* [What needs to be done]: Once you reach the line with "廣州市歐意詩化妝品有限公司" in the material below, copy each line exactly up to and including the line with "Faucet Workboard, less", and skip the pictures.

* [Task input]:

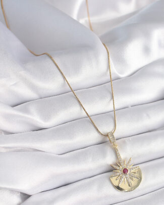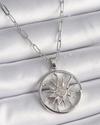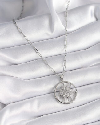 316L Çelik Gümüş Renk Zirkon Taşlı Güneş Madalyon Model Kadın Kolye
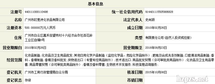 廣州市歐意詩化妝品有限公司
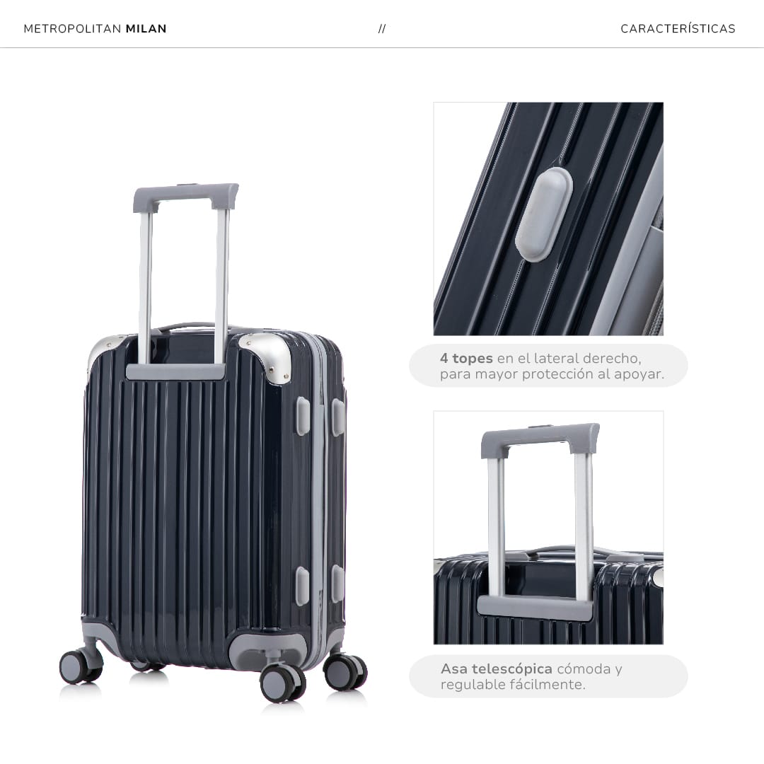 Inspirada en la capital global de la moda y el diseño, la valija Milán respiran estilo y modernidad. Con acabado brilloso y una paleta que refleja la esencia italiana, es el equilibrio perfecto entre estética y funcionalidad.
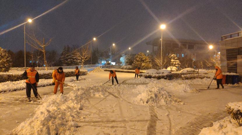 上午10時許,暴雪如約而至。裝有融雪劑的車輛全部整裝待發(fā),聞令而動,采取“人工+機械”不間斷作業(yè)模式,對轄區(qū)主次干道、橋涵、火車站東站、創(chuàng)智大廈等帶坡路段及時拋撒融雪劑,采取“滾刷+鏟車”組合方式,反復排掃路面積雪,確保主次干道、帶坡路段通暢無冰。
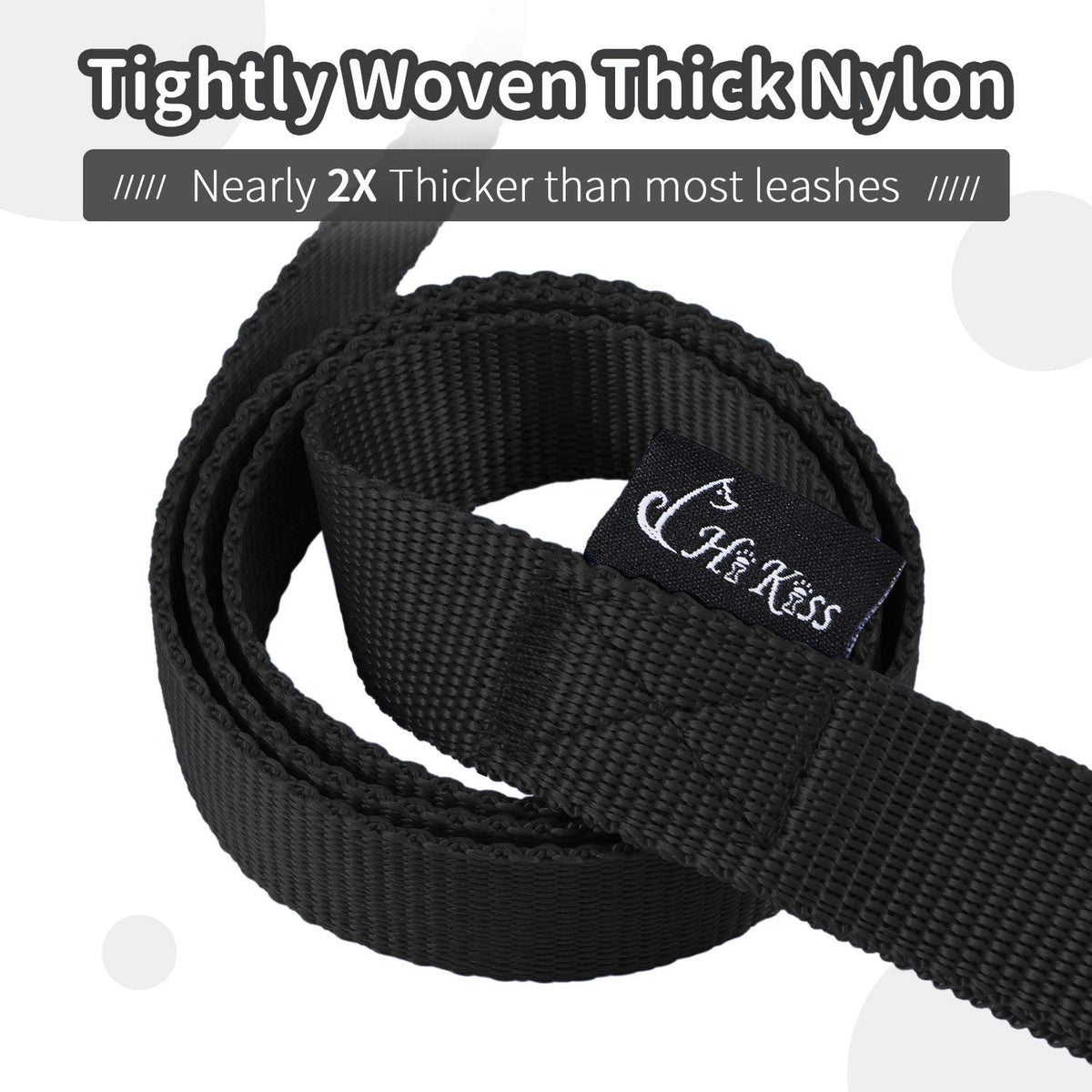 Q: What materials is the HIKISS Long Dog Leash made from?A: The HIKISS Long Dog Leash is made from heavy-duty nylon webbing, specifically designed to be nearly 2X thicker than most leashes, ensuring durability and strength for training and outdoor activities.
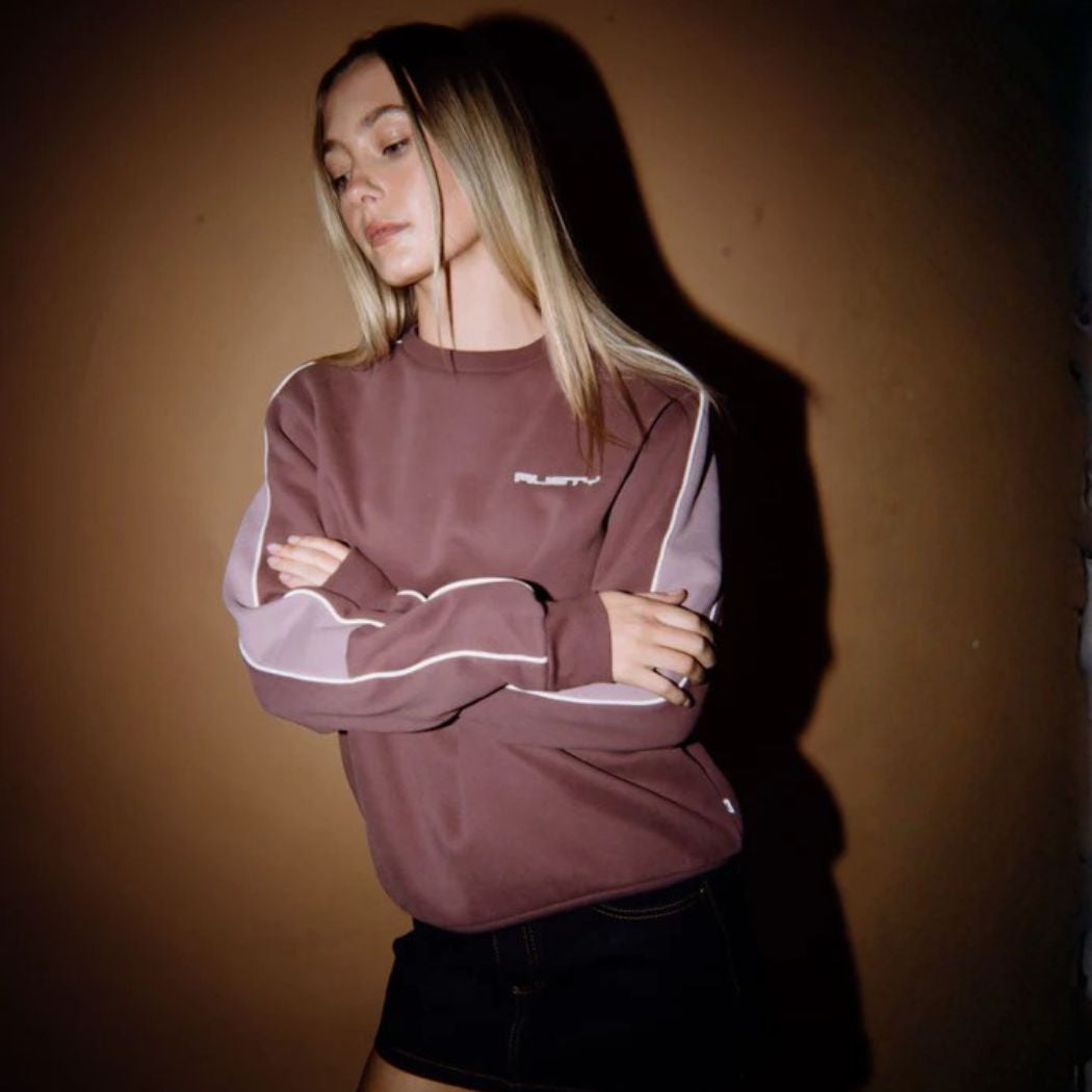 The Rusty Two Timer Panelled Crew Cadet Elderberry is a womens crew. Designed for easy comfort and laid-back style, this retro inspired crew is perfect for throwing on over your favourite tee when the weather cools down. The relaxed fit and retro panel look make it ideal for beach walks, skate sessions or casual days out, adding fun surf and street energy to any cool weather outfit.
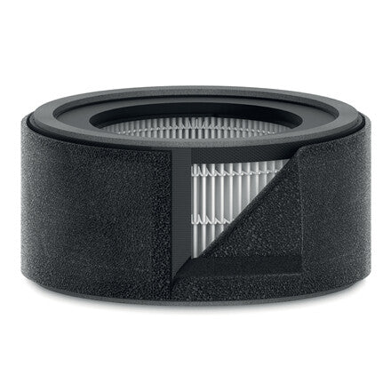 - Carbon prefilter captures odours and certain gases, and offers the first level of defence against larger particles like dust and pet hair
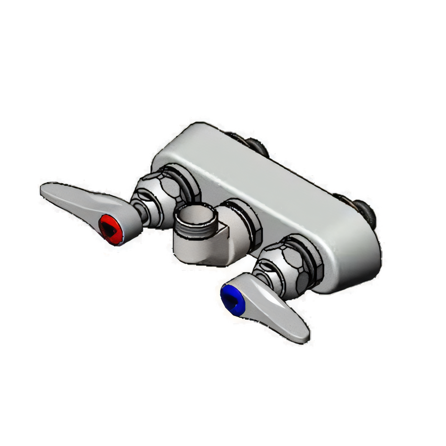 Faucet Workboard, less nozzle, splash mounted, bronze body, removable seats, 6-1/2"W x 2"H chrome-plated escutcheon, 3-1/2" centers, 1/2" NPT male inlets, quarter-turn Eterna cartridges, low lead, ADA Compliant
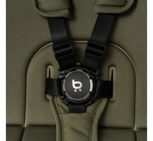 Caruciorul este echipat cu o bara de protectie la 360° din piele perforata, respirabila, facilitand accesul micutului dumneavoastra in scaun. Siguranta este asigurata de un ham cu cinci puncte, cu pernute moi pentru umeri, a caror catarama magnetica permite o fixare rapida si silentioasa.
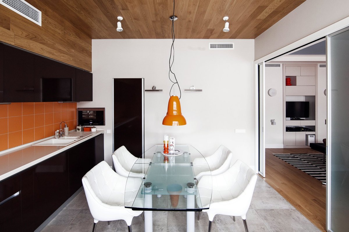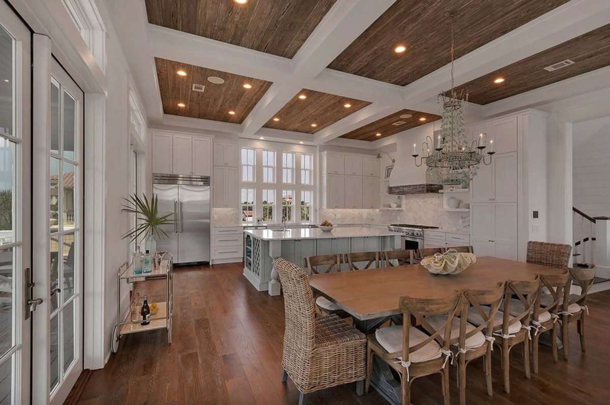 Ламинат на потолке в интерьере кухни
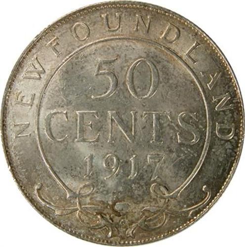 Newfoundland Fifty Cents 1917C Uncirculated. A fully struck and nicely lustrous, light golden toned piece
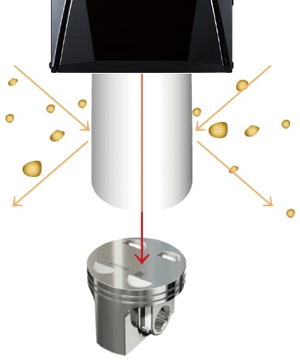 インラインでの設置では掃除が手間になるのはなおさら。周囲からの飛散する油がレンズに付着することを防ぐことでメンテナンスフリーを実現します。場合によってカバー内をエアパージするのも効果的です。
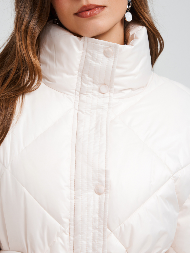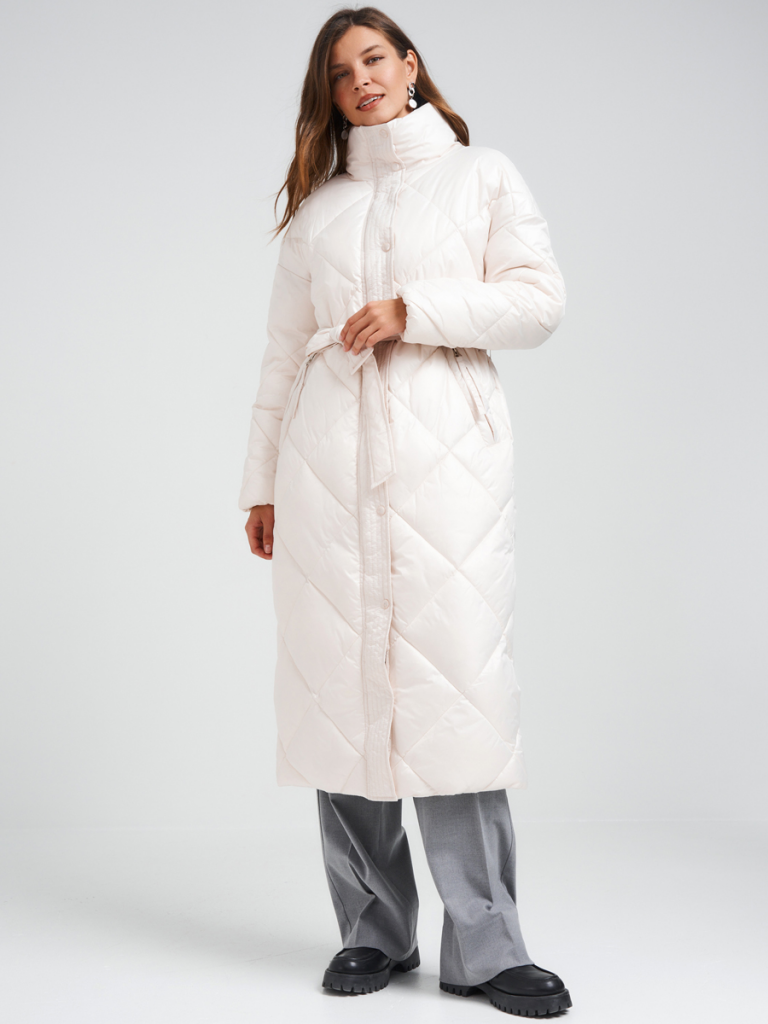 Пуховик прямого силуэта со стойкой на молнии и декоративных кнопках. В изделии два удобных кармана на молниях, а также есть внутренний карман. В комплекте с изделием идет пояс из основной ткани с пряжкой. Ткань - плащевая с водоотталкивающей пропиткой. Утепление – Био-пух, 260 гр. Рекомендуемый температурный режим (от -0°C до -20°C). Длина изделия - 120 см. Длина рукава - 65 см.
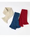スラブ感のある太いウール糸をざっくりとした手編みのような風合いに編み立てたミニマフラー。

* [Completed exercise]:
 廣州市歐意詩化妝品有限公司
 Inspirada en la capital global de la moda y el diseño, la valija Milán respiran estilo y modernidad. Con acabado brilloso y una paleta que refleja la esencia italiana, es el equilibrio perfecto entre estética y funcionalidad.
 上午10時許,暴雪如約而至。裝有融雪劑的車輛全部整裝待發(fā),聞令而動,采取“人工+機械”不間斷作業(yè)模式,對轄區(qū)主次干道、橋涵、火車站東站、創(chuàng)智大廈等帶坡路段及時拋撒融雪劑,采取“滾刷+鏟車”組合方式,反復排掃路面積雪,確保主次干道、帶坡路段通暢無冰。
 Q: What materials is the HIKISS Long Dog Leash made from?A: The HIKISS Long Dog Leash is made from heavy-duty nylon webbing, specifically designed to be nearly 2X thicker than most leashes, ensuring durability and strength for training and outdoor activities.
 The Rusty Two Timer Panelled Crew Cadet Elderberry is a womens crew. Designed for easy comfort and laid-back style, this retro inspired crew is perfect for throwing on over your favourite tee when the weather cools down. The relaxed fit and retro panel look make it ideal for beach walks, skate sessions or casual days out, adding fun surf and street energy to any cool weather outfit.
 - Carbon prefilter captures odours and certain gases, and offers the first level of defence against larger particles like dust and pet hair
 Faucet Workboard, less nozzle, splash mounted, bronze body, removable seats, 6-1/2"W x 2"H chrome-plated escutcheon, 3-1/2" centers, 1/2" NPT male inlets, quarter-turn Eterna cartridges, low lead, ADA Compliant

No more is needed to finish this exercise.